- What the task asks: Return verbatim the lines that run from the one holding "Ulysse et Pénélope, Sandra Dufour" to the end of the listing, both ends included, without the pictures.

━━ Supplied entries

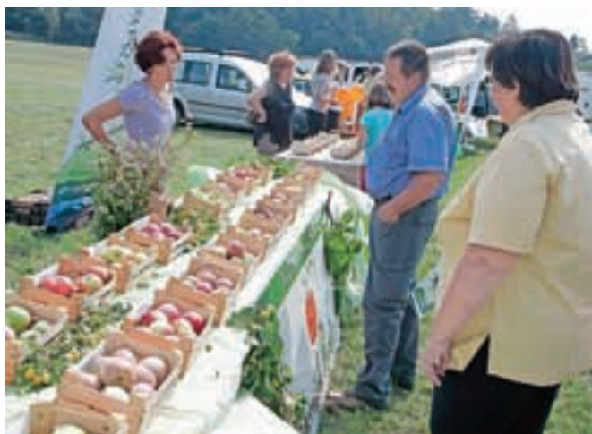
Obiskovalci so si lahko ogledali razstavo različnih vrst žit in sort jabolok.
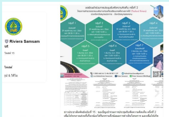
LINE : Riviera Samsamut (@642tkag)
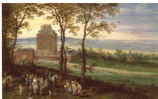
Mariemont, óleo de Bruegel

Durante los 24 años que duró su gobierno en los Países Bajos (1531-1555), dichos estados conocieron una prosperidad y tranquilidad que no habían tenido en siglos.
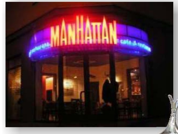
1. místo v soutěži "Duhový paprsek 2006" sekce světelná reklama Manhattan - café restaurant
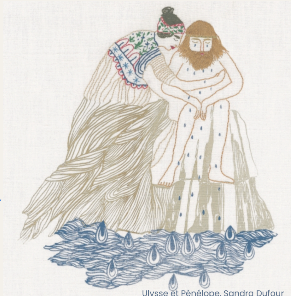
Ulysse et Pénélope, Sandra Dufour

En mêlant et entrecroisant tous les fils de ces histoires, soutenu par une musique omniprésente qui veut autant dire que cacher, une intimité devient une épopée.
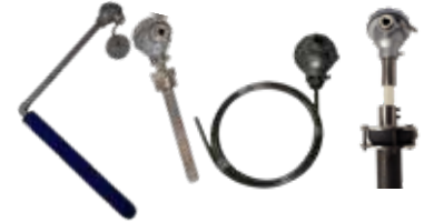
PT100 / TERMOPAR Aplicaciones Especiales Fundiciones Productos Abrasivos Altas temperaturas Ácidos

━━━━

- Task solution:
Ulysse et Pénélope, Sandra Dufour

En mêlant et entrecroisant tous les fils de ces histoires, soutenu par une musique omniprésente qui veut autant dire que cacher, une intimité devient une épopée.
PT100 / TERMOPAR Aplicaciones Especiales Fundiciones Productos Abrasivos Altas temperaturas Ácidos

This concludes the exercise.